* [INSTRUCTIONS FOR THE TASK]
Somewhere below, one line contains "#42. もし抗菌薬を使うなら Salmonellaなら" and a later line contains "Кекс с вишневым". Output those two lines and everything between them exactly, and nothing else.

* [GIVEN RECORDS]
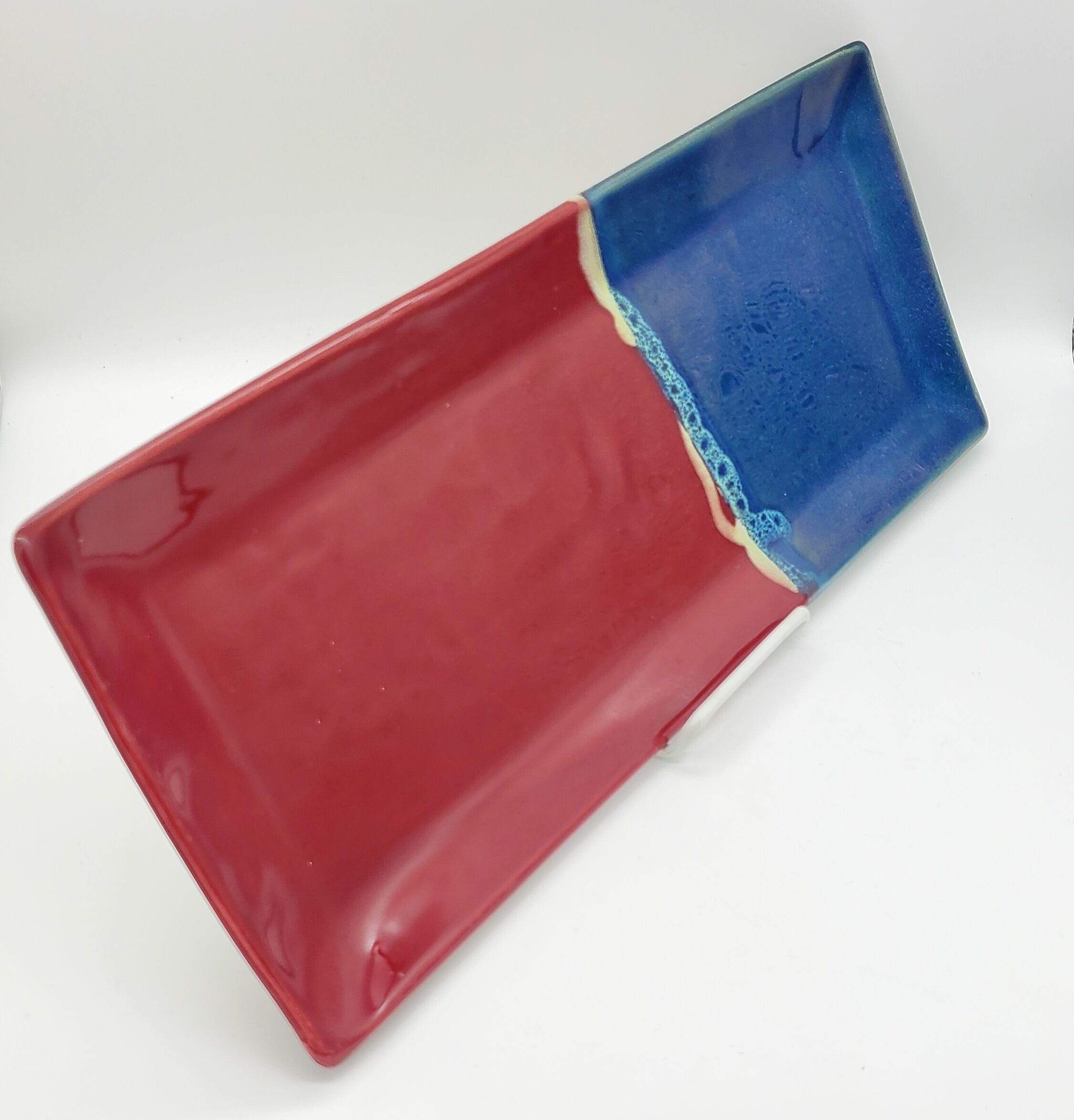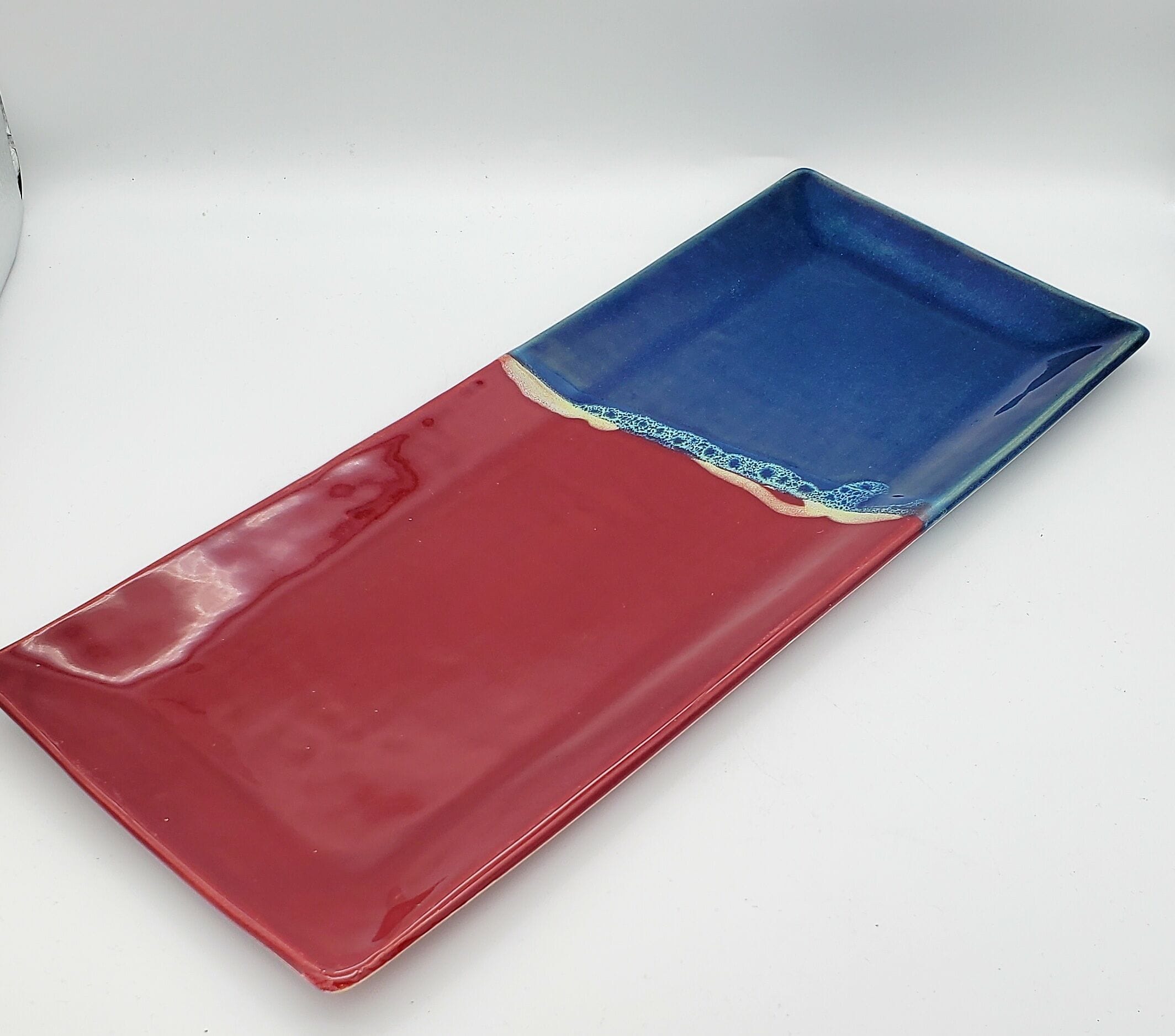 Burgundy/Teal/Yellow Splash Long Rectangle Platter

--

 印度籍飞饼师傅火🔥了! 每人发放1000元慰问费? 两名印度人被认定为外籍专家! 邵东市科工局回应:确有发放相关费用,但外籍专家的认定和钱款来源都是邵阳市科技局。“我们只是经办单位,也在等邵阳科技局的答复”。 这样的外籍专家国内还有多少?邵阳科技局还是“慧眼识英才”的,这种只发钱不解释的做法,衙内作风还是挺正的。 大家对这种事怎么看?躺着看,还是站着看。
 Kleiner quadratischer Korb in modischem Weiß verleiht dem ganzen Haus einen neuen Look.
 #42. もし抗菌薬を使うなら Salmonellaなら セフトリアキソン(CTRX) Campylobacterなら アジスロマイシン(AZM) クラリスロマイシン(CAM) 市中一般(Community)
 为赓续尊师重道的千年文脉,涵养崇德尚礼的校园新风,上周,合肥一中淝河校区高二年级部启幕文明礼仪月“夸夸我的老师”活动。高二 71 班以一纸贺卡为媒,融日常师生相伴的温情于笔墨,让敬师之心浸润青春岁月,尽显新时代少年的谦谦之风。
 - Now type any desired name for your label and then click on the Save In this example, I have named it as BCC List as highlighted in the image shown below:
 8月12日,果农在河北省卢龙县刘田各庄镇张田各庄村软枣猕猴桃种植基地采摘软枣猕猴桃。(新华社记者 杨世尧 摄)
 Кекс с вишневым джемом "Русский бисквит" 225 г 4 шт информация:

* [EXERCISE ANSWER]
 #42. もし抗菌薬を使うなら Salmonellaなら セフトリアキソン(CTRX) Campylobacterなら アジスロマイシン(AZM) クラリスロマイシン(CAM) 市中一般(Community)
 为赓续尊师重道的千年文脉,涵养崇德尚礼的校园新风,上周,合肥一中淝河校区高二年级部启幕文明礼仪月“夸夸我的老师”活动。高二 71 班以一纸贺卡为媒,融日常师生相伴的温情于笔墨,让敬师之心浸润青春岁月,尽显新时代少年的谦谦之风。
 - Now type any desired name for your label and then click on the Save In this example, I have named it as BCC List as highlighted in the image shown below:
 8月12日,果农在河北省卢龙县刘田各庄镇张田各庄村软枣猕猴桃种植基地采摘软枣猕猴桃。(新华社记者 杨世尧 摄)
 Кекс с вишневым джемом "Русский бисквит" 225 г 4 шт информация:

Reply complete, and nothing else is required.